(Beginning of SUPPLIED MATERIAL)

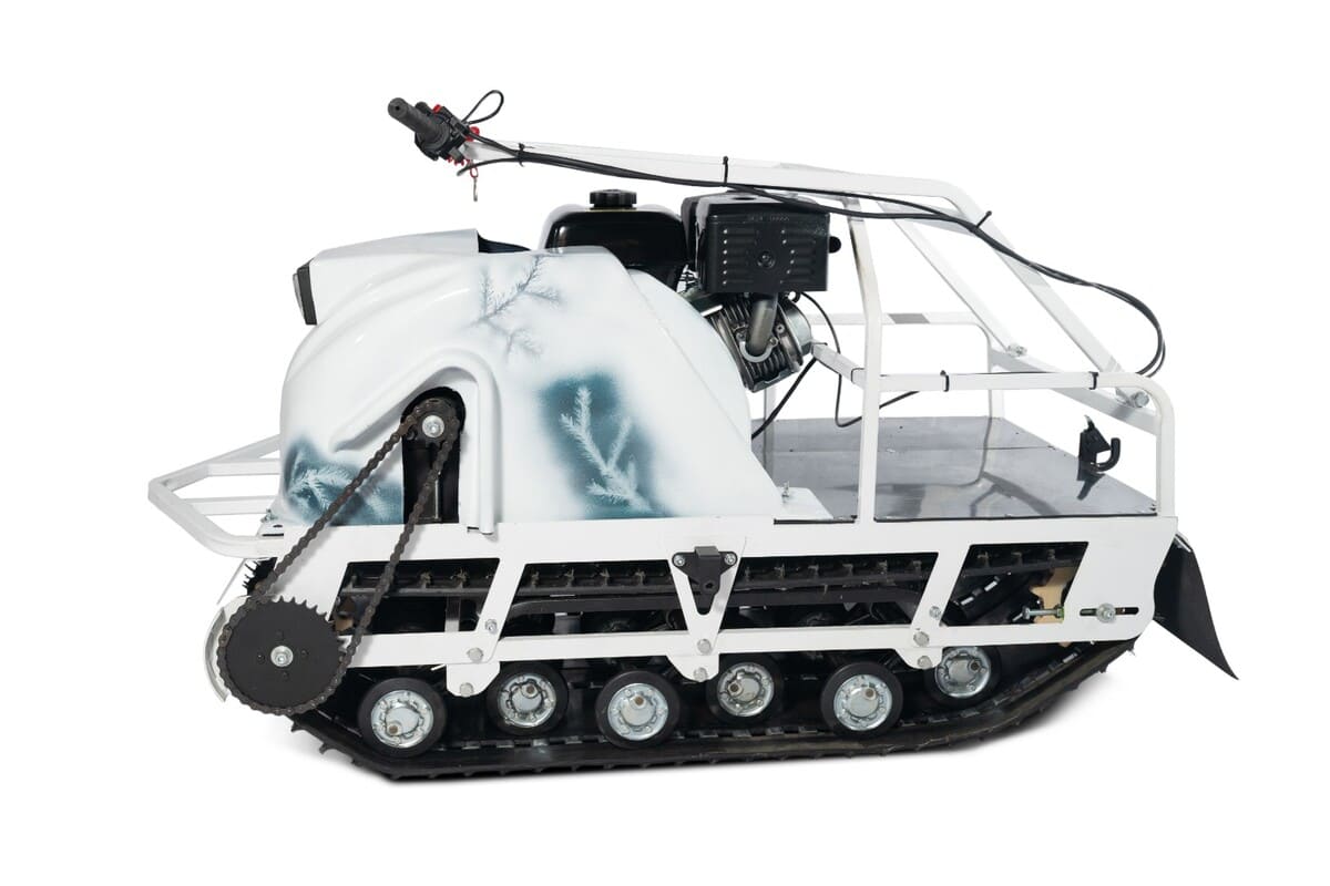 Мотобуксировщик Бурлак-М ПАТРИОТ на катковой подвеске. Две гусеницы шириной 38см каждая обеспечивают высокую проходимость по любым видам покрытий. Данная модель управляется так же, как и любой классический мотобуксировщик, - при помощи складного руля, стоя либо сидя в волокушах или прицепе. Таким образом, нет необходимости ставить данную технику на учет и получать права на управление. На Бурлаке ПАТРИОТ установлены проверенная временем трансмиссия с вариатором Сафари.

(End of SUPPLIED MATERIAL)
(Beginning of SUPPLIED MATERIAL)

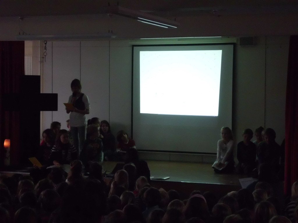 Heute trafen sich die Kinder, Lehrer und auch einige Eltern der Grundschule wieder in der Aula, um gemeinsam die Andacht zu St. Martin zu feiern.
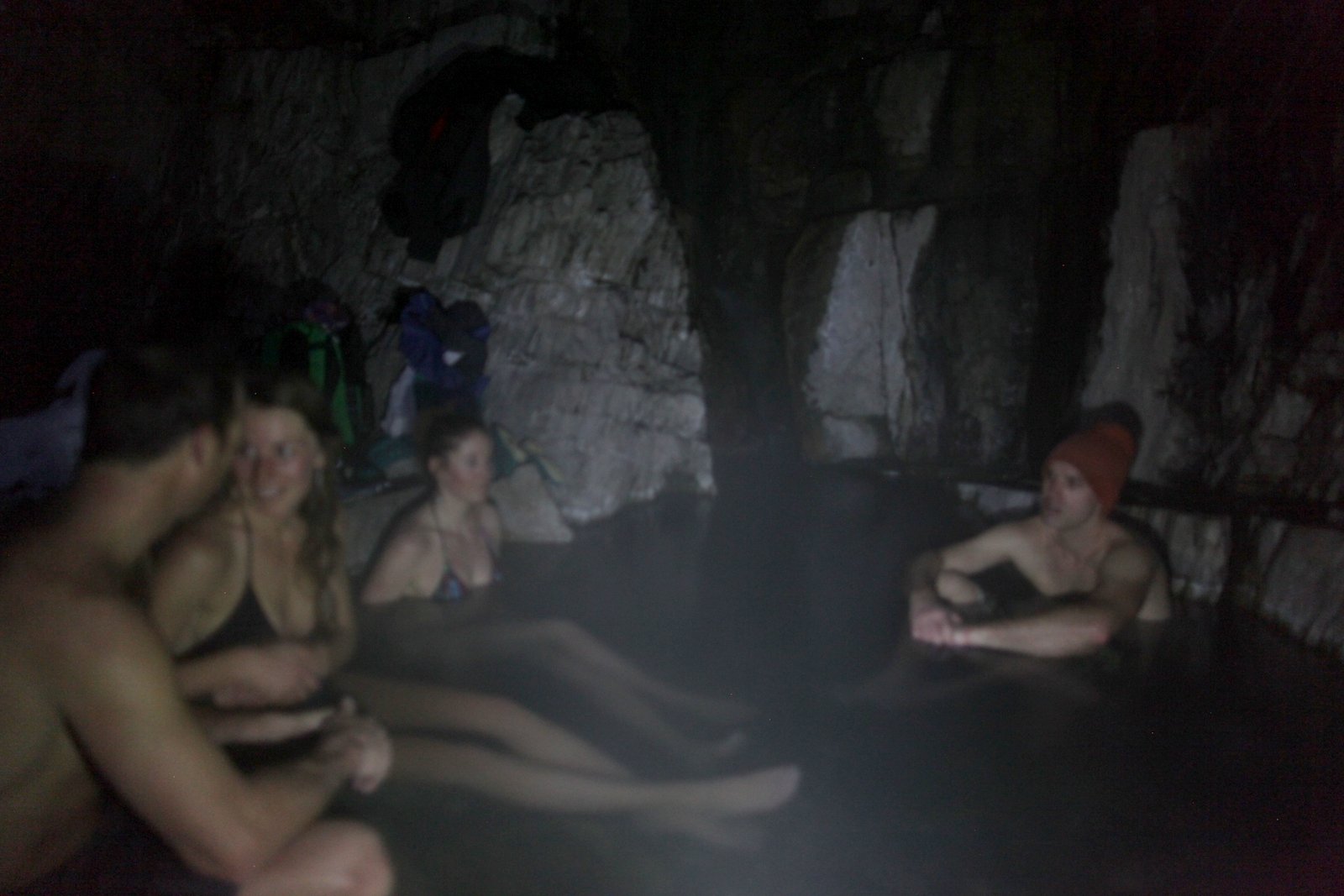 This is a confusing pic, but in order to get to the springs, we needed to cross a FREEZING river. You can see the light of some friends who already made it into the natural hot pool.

(End of SUPPLIED MATERIAL)
(Beginning of SUPPLIED MATERIAL)

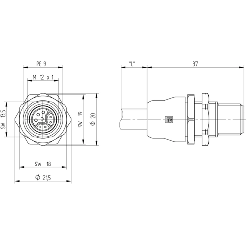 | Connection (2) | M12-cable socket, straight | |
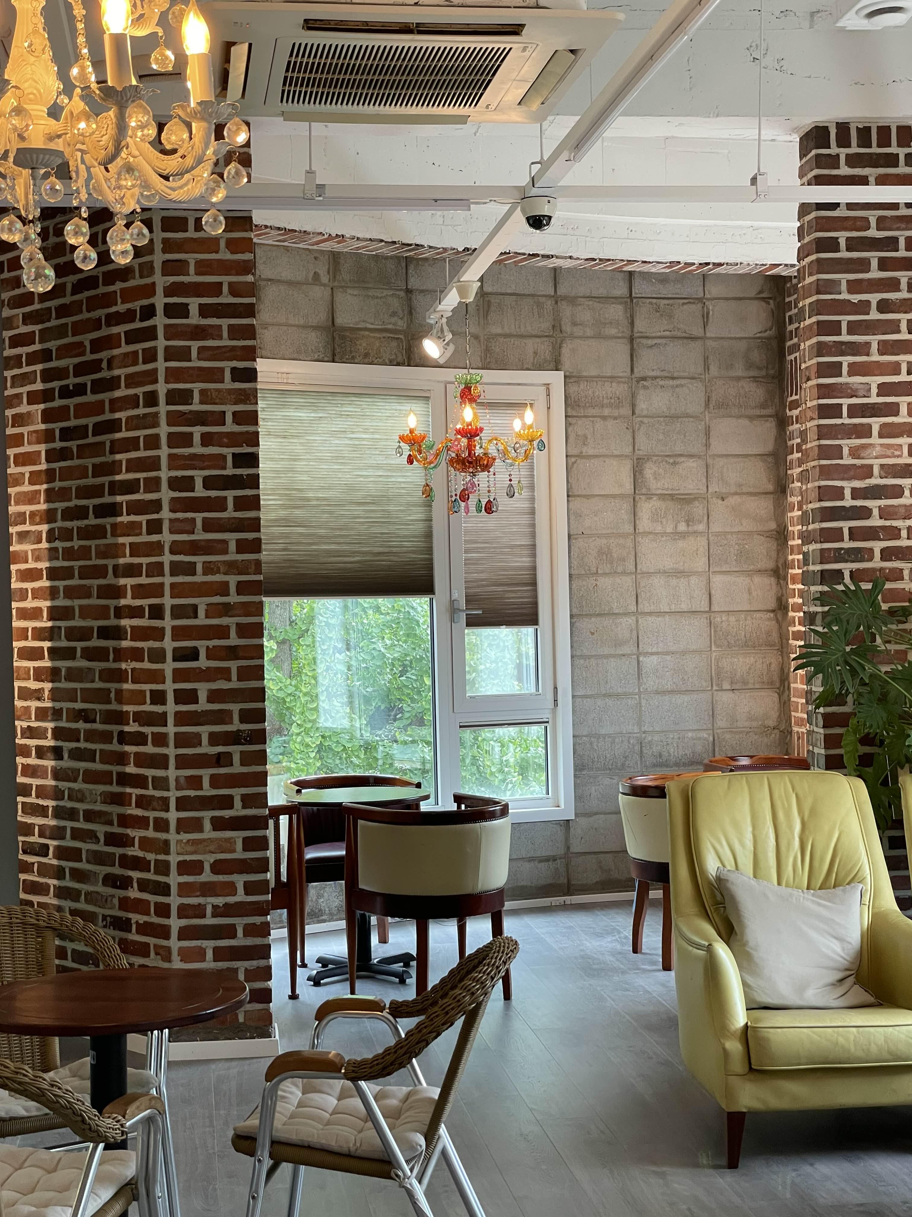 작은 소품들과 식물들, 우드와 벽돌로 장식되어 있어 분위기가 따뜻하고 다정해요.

(End of SUPPLIED MATERIAL)

WHAT IS REQUIRED -> Transcribe the lines above exactly, beginning at the one with "Heute trafen sich" and ending at the one with "This is a confusing". Include both; exclude the pictures.

TASK SOLUTION ->
 Heute trafen sich die Kinder, Lehrer und auch einige Eltern der Grundschule wieder in der Aula, um gemeinsam die Andacht zu St. Martin zu feiern.
 This is a confusing pic, but in order to get to the springs, we needed to cross a FREEZING river. You can see the light of some friends who already made it into the natural hot pool.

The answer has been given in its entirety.